**TO DO:** When you reach the line that contains "一位法国客人在一个刺绣台前驻" in the data below, start reproducing lines exactly, and stop after the line that contains "Une coupe transversale".

**GIVEN ENTRIES:**
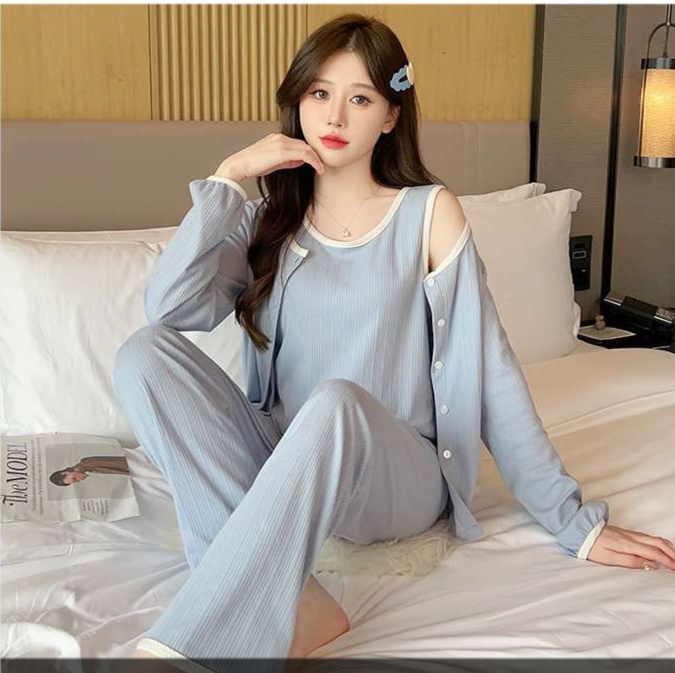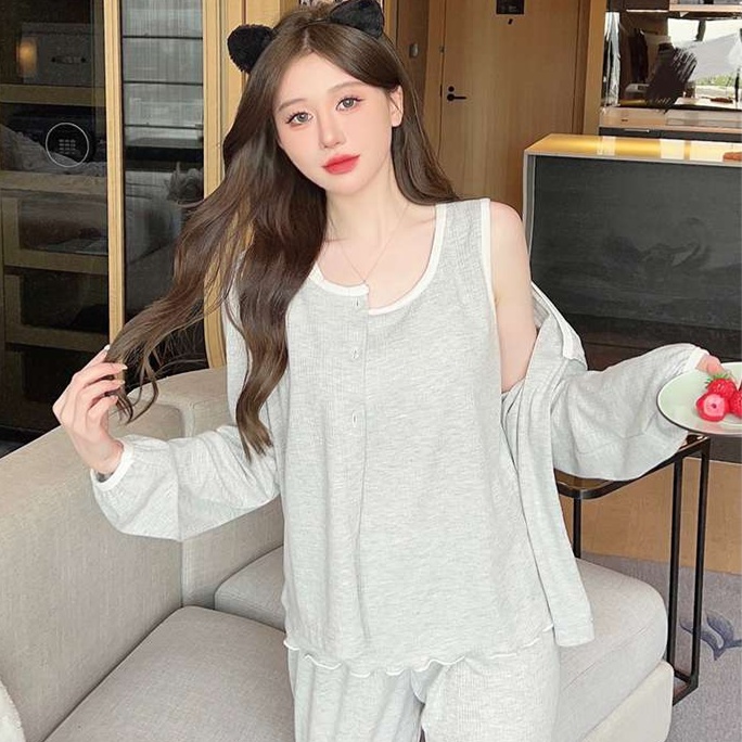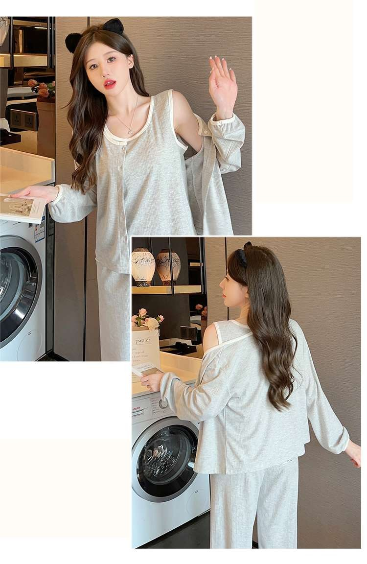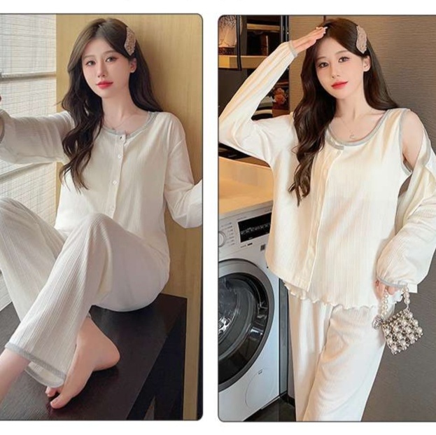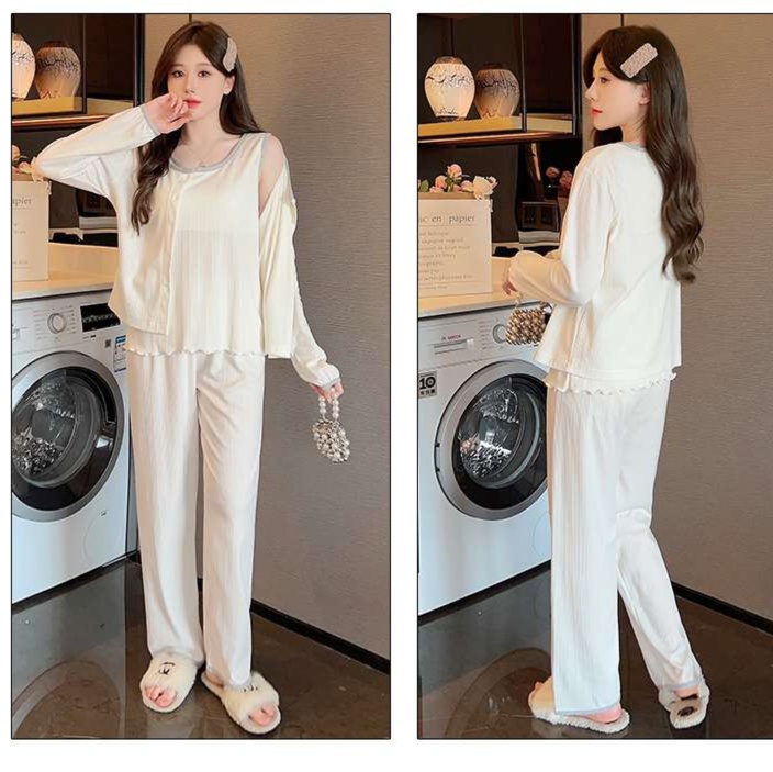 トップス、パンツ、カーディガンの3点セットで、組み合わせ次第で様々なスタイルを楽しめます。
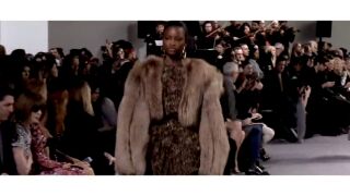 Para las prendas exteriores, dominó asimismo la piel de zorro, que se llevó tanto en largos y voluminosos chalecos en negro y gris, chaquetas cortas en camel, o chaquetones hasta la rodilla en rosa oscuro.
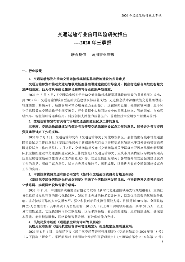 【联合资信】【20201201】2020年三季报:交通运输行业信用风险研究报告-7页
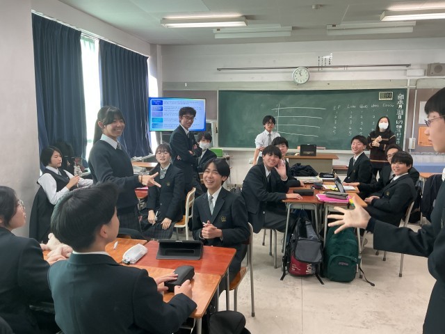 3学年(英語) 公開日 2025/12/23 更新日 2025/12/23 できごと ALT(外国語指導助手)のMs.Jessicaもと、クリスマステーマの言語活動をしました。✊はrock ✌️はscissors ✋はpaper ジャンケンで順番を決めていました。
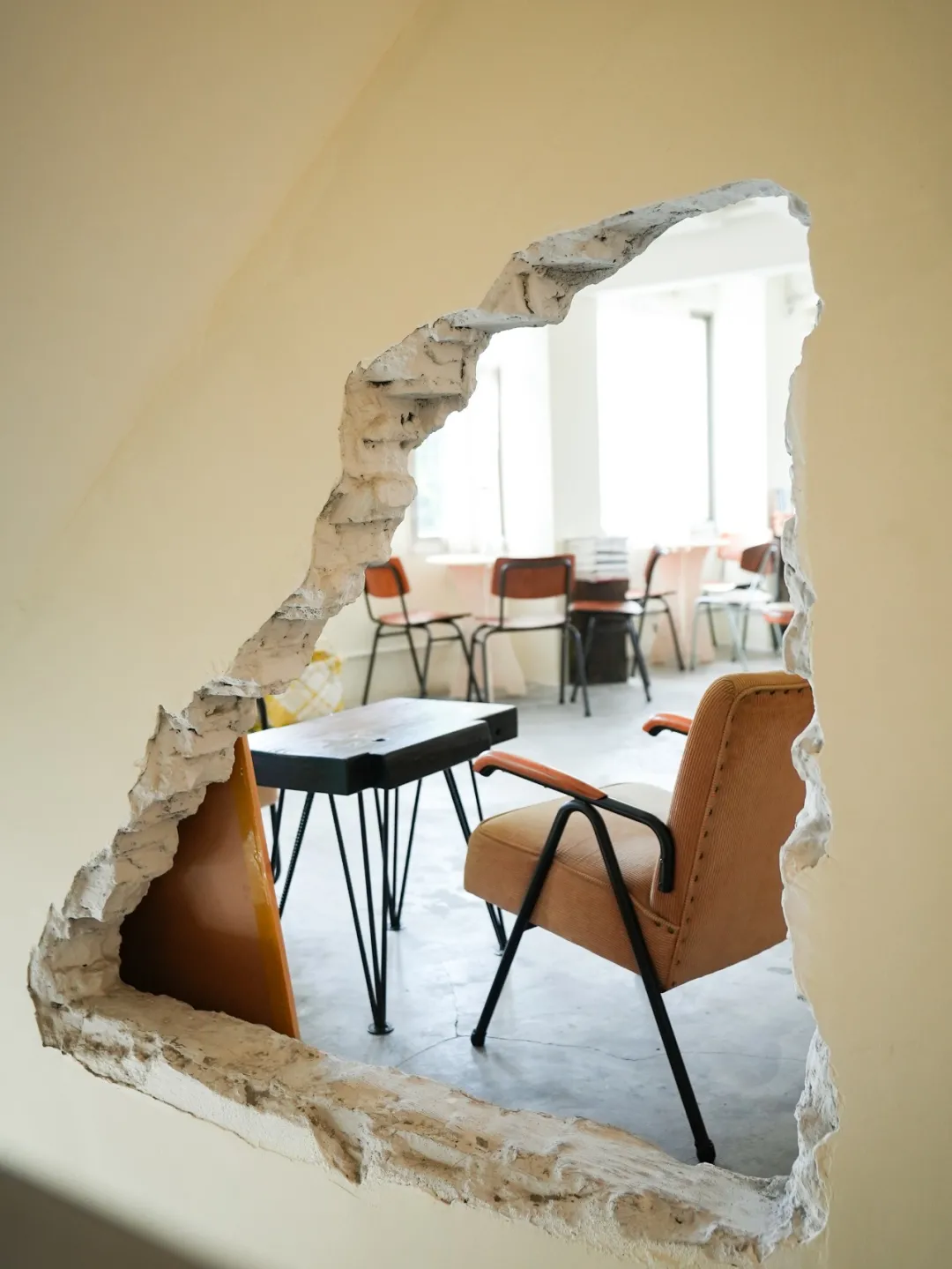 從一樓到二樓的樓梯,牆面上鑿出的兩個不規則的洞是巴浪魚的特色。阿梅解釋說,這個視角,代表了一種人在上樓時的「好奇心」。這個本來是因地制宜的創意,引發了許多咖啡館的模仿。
---
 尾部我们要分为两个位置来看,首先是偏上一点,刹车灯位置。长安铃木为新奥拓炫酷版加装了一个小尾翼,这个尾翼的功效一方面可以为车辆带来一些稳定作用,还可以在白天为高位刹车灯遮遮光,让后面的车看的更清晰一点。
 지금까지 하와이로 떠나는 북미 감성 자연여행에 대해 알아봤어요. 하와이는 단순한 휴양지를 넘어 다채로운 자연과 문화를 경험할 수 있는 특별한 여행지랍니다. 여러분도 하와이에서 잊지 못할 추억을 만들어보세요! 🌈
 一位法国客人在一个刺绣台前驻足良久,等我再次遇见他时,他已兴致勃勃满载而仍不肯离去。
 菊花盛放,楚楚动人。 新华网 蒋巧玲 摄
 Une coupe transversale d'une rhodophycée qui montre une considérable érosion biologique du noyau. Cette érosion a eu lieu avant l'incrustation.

**ANSWER SPACE:**
 一位法国客人在一个刺绣台前驻足良久,等我再次遇见他时,他已兴致勃勃满载而仍不肯离去。
 菊花盛放,楚楚动人。 新华网 蒋巧玲 摄
 Une coupe transversale d'une rhodophycée qui montre une considérable érosion biologique du noyau. Cette érosion a eu lieu avant l'incrustation.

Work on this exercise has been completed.